§ **Aim of the exercise**: The answer must be only the lines below from the one holding "Переправа много времени" down to the one holding "Weitläufig, aber gemütlich, herrschaftlich, aber", ends included, printed exactly; please omit all pictures.

§ **Material for this task**:
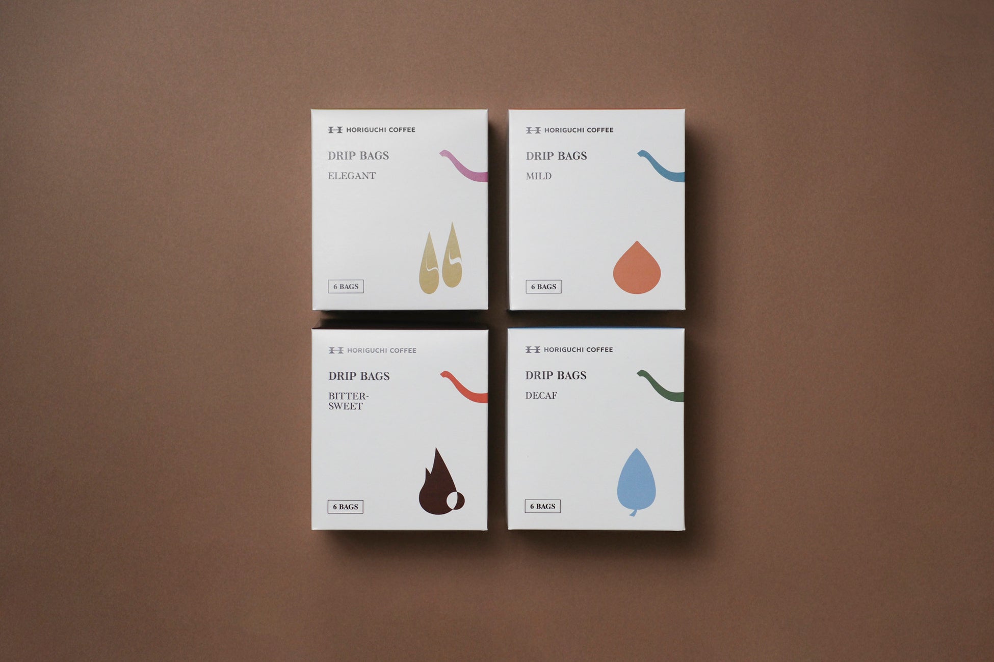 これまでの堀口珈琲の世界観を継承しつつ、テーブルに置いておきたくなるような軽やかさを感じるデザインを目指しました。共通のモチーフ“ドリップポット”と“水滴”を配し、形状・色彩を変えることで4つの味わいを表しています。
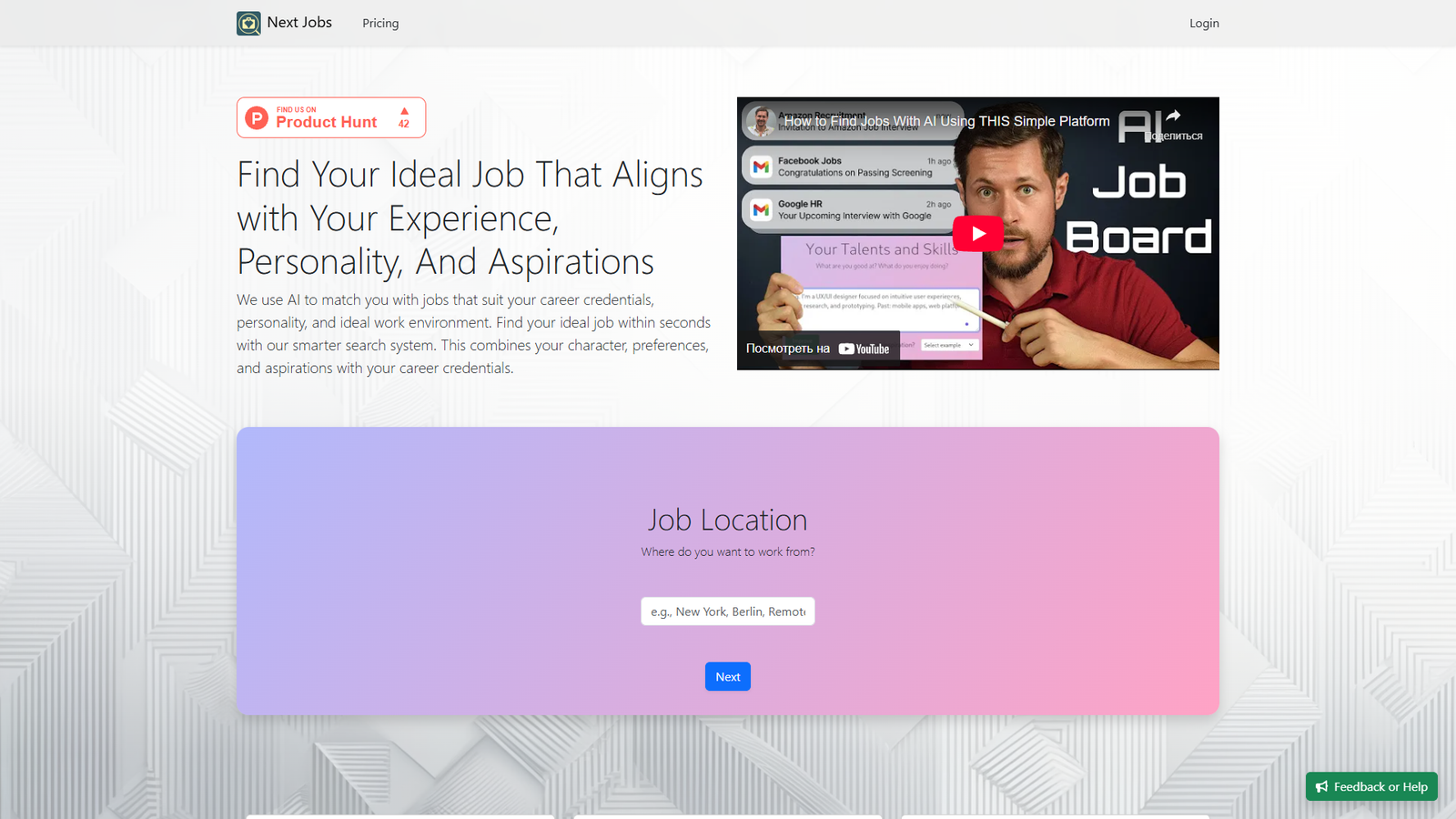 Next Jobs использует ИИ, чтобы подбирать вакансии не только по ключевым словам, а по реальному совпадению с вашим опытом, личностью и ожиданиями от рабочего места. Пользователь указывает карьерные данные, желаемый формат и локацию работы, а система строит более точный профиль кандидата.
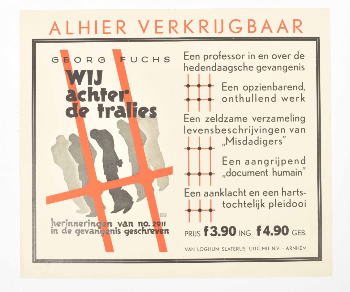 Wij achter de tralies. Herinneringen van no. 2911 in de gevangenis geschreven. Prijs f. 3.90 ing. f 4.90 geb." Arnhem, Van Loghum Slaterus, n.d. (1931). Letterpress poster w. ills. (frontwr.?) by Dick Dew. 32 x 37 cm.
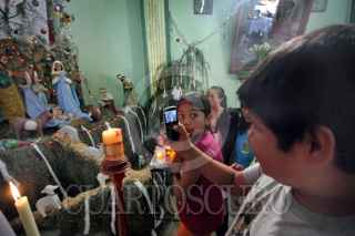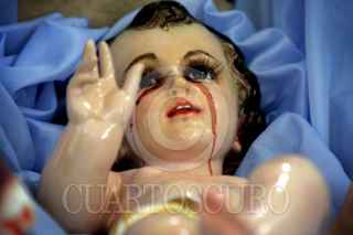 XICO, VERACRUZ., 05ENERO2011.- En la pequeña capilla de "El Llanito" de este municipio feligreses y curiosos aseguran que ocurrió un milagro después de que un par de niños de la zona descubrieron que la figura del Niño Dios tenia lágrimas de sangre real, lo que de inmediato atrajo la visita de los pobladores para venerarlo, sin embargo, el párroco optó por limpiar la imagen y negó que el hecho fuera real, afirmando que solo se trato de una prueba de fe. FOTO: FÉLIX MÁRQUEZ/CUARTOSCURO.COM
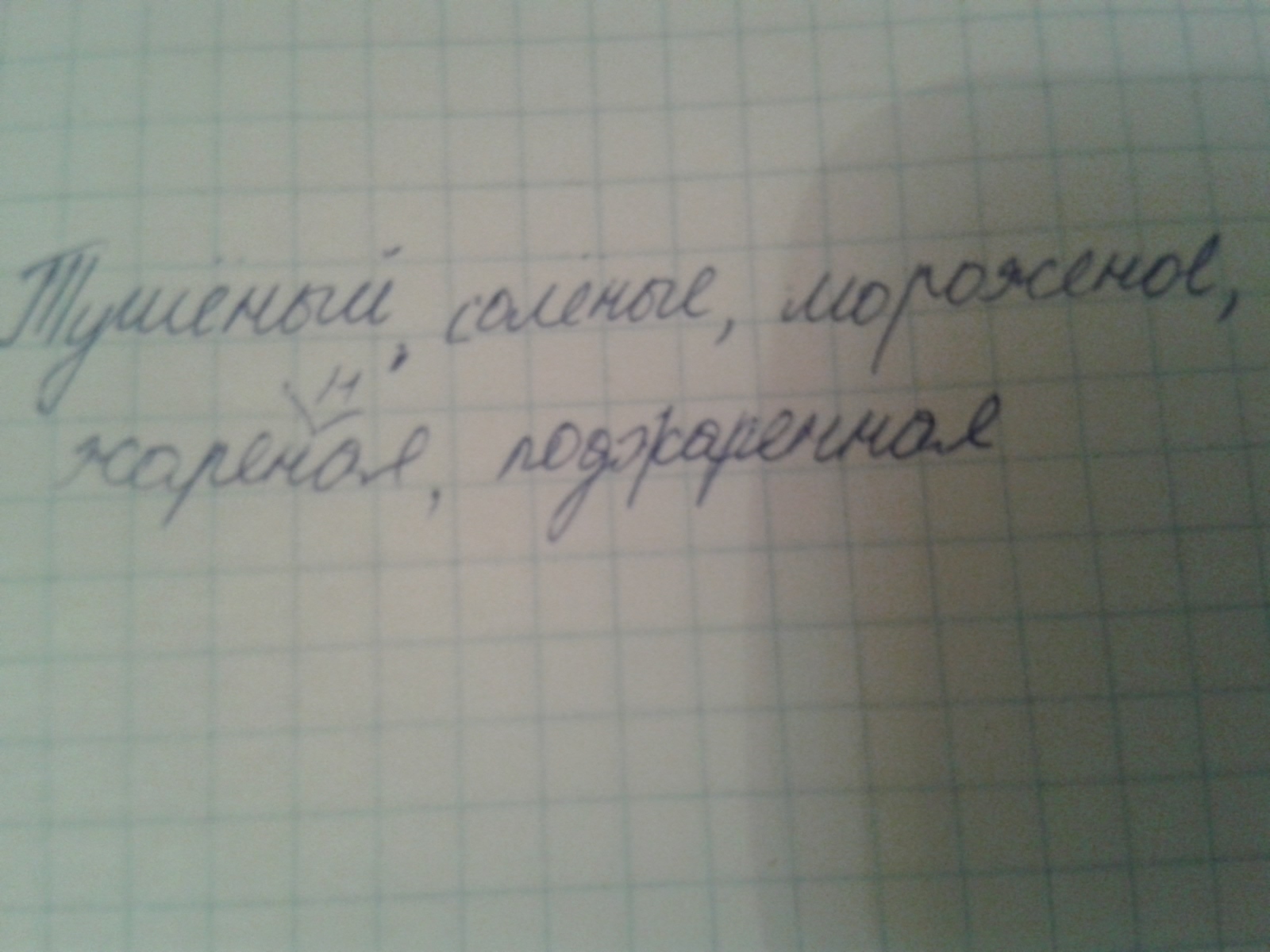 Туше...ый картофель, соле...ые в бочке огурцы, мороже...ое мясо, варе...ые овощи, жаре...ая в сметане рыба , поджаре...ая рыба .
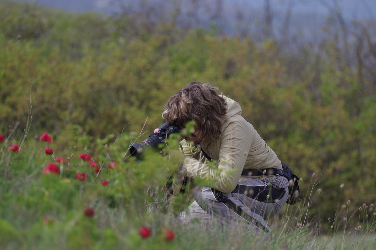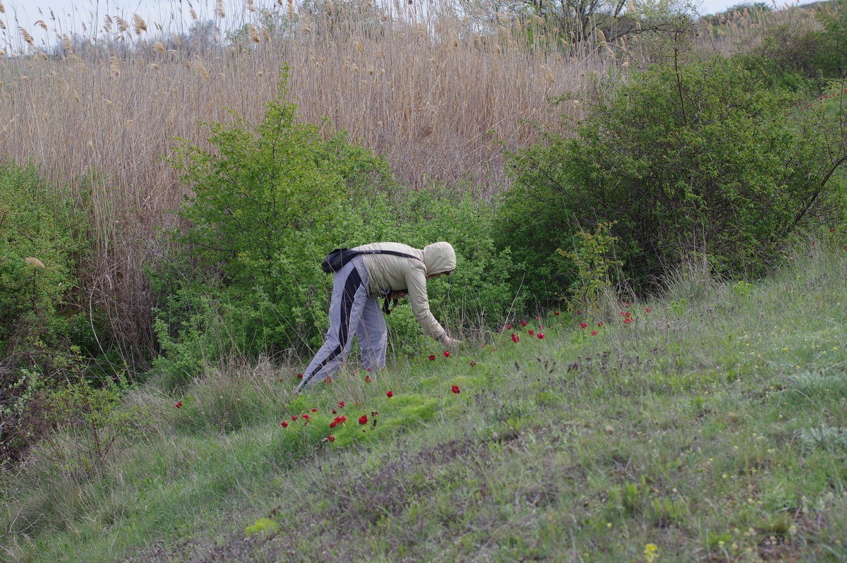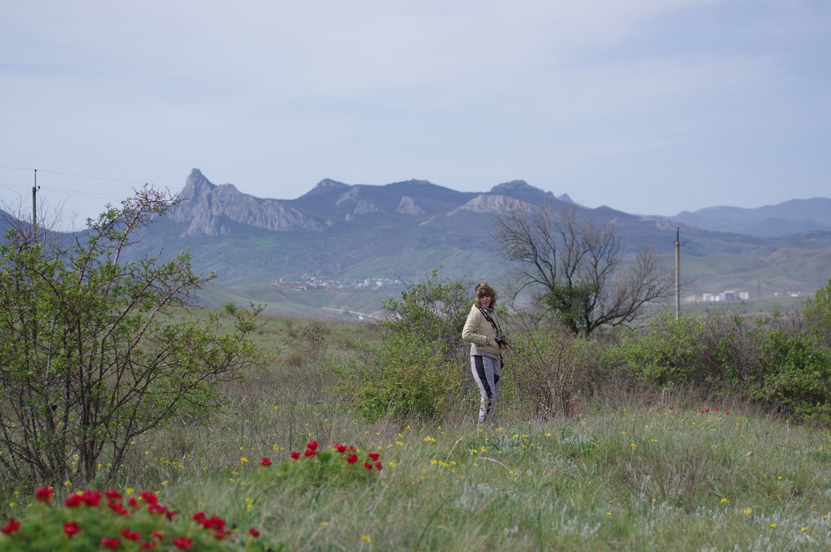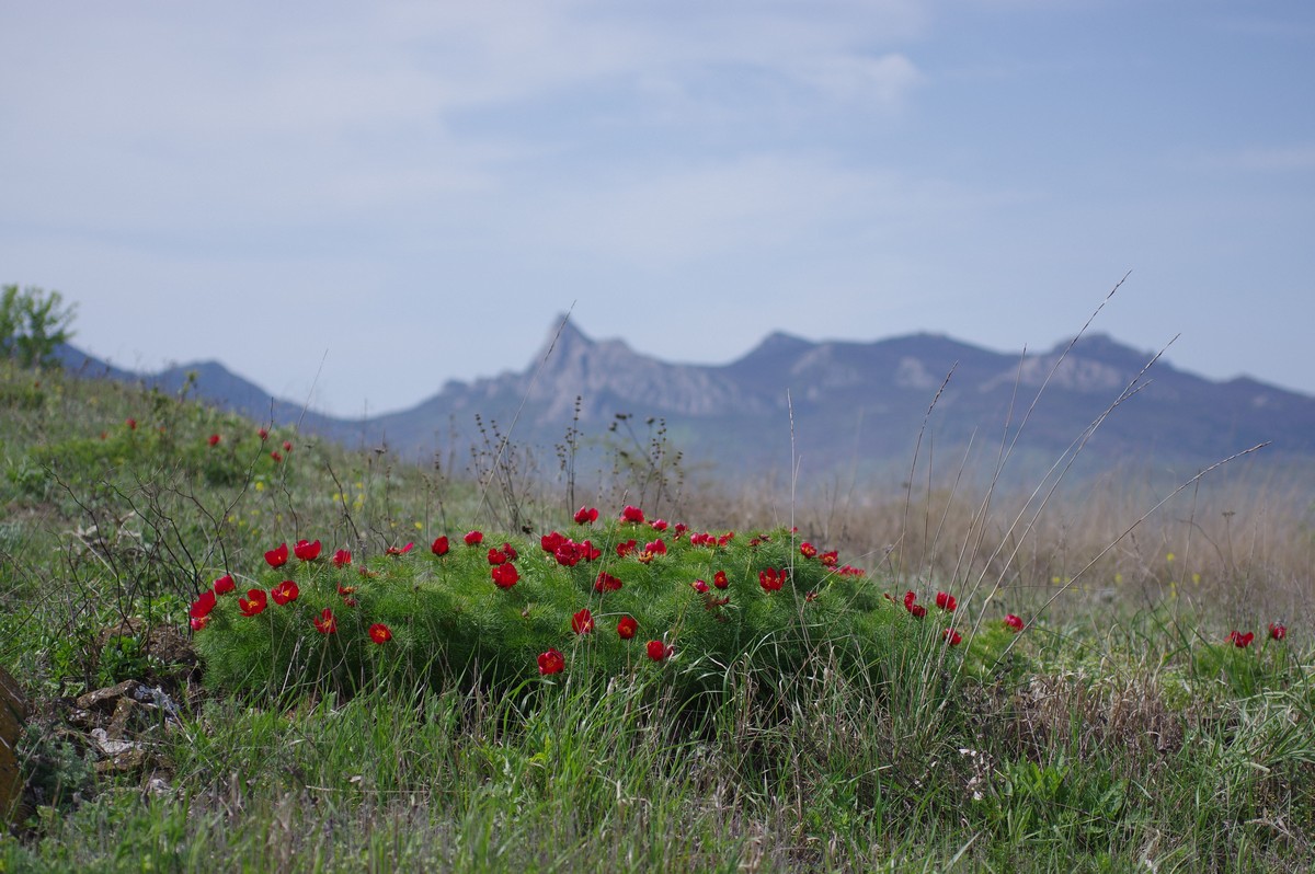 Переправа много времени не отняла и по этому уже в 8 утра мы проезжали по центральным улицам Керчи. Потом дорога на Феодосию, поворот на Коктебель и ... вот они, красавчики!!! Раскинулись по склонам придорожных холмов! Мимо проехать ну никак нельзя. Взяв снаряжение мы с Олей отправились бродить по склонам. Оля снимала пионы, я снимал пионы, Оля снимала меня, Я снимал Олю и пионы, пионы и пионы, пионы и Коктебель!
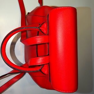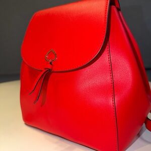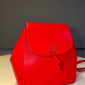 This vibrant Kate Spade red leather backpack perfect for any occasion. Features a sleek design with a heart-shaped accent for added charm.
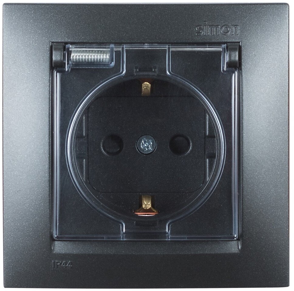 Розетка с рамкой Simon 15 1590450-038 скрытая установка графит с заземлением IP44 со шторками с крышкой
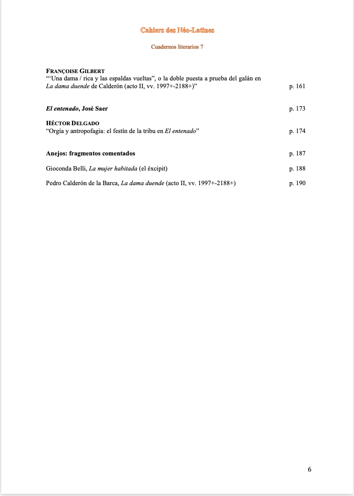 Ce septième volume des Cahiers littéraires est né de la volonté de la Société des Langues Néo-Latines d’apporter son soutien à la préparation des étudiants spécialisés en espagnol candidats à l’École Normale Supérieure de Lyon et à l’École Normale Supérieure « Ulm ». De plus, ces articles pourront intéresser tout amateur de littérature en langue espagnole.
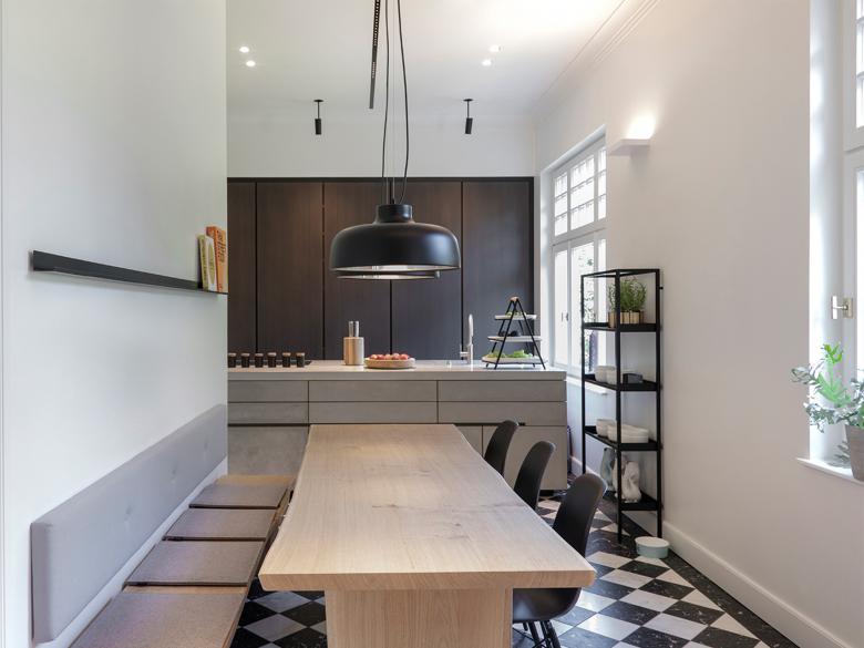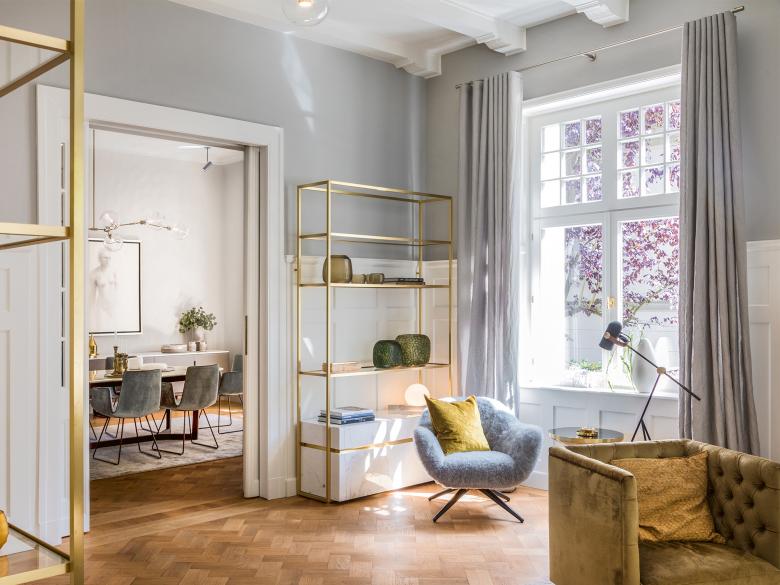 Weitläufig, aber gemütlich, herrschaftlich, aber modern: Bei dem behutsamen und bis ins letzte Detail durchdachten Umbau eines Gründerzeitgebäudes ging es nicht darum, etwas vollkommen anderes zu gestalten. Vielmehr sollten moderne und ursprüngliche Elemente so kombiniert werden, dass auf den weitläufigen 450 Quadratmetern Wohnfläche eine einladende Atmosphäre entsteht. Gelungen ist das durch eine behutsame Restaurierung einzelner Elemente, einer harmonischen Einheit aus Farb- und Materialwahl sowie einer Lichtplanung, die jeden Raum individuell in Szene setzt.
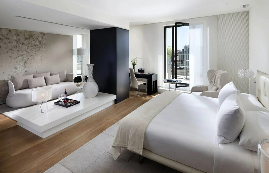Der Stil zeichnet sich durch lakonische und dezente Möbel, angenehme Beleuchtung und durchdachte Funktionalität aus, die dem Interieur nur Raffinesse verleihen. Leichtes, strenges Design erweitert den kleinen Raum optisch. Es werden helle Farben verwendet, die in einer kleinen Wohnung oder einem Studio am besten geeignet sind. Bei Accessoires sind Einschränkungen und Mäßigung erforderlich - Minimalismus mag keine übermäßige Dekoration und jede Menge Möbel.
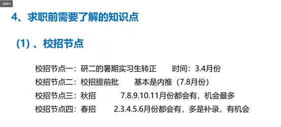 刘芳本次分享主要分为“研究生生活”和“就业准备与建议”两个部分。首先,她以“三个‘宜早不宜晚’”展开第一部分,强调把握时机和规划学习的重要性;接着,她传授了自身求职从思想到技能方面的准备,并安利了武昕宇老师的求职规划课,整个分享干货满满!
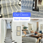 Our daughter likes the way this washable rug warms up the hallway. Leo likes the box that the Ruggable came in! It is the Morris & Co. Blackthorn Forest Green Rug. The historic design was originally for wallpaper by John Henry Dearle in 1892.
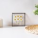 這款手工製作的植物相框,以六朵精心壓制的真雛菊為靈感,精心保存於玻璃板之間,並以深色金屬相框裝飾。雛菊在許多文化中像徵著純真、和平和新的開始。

§ **Solution to this task**:
 Переправа много времени не отняла и по этому уже в 8 утра мы проезжали по центральным улицам Керчи. Потом дорога на Феодосию, поворот на Коктебель и ... вот они, красавчики!!! Раскинулись по склонам придорожных холмов! Мимо проехать ну никак нельзя. Взяв снаряжение мы с Олей отправились бродить по склонам. Оля снимала пионы, я снимал пионы, Оля снимала меня, Я снимал Олю и пионы, пионы и пионы, пионы и Коктебель!
 This vibrant Kate Spade red leather backpack perfect for any occasion. Features a sleek design with a heart-shaped accent for added charm.
 Розетка с рамкой Simon 15 1590450-038 скрытая установка графит с заземлением IP44 со шторками с крышкой
 Ce septième volume des Cahiers littéraires est né de la volonté de la Société des Langues Néo-Latines d’apporter son soutien à la préparation des étudiants spécialisés en espagnol candidats à l’École Normale Supérieure de Lyon et à l’École Normale Supérieure « Ulm ». De plus, ces articles pourront intéresser tout amateur de littérature en langue espagnole.
 Weitläufig, aber gemütlich, herrschaftlich, aber modern: Bei dem behutsamen und bis ins letzte Detail durchdachten Umbau eines Gründerzeitgebäudes ging es nicht darum, etwas vollkommen anderes zu gestalten. Vielmehr sollten moderne und ursprüngliche Elemente so kombiniert werden, dass auf den weitläufigen 450 Quadratmetern Wohnfläche eine einladende Atmosphäre entsteht. Gelungen ist das durch eine behutsame Restaurierung einzelner Elemente, einer harmonischen Einheit aus Farb- und Materialwahl sowie einer Lichtplanung, die jeden Raum individuell in Szene setzt.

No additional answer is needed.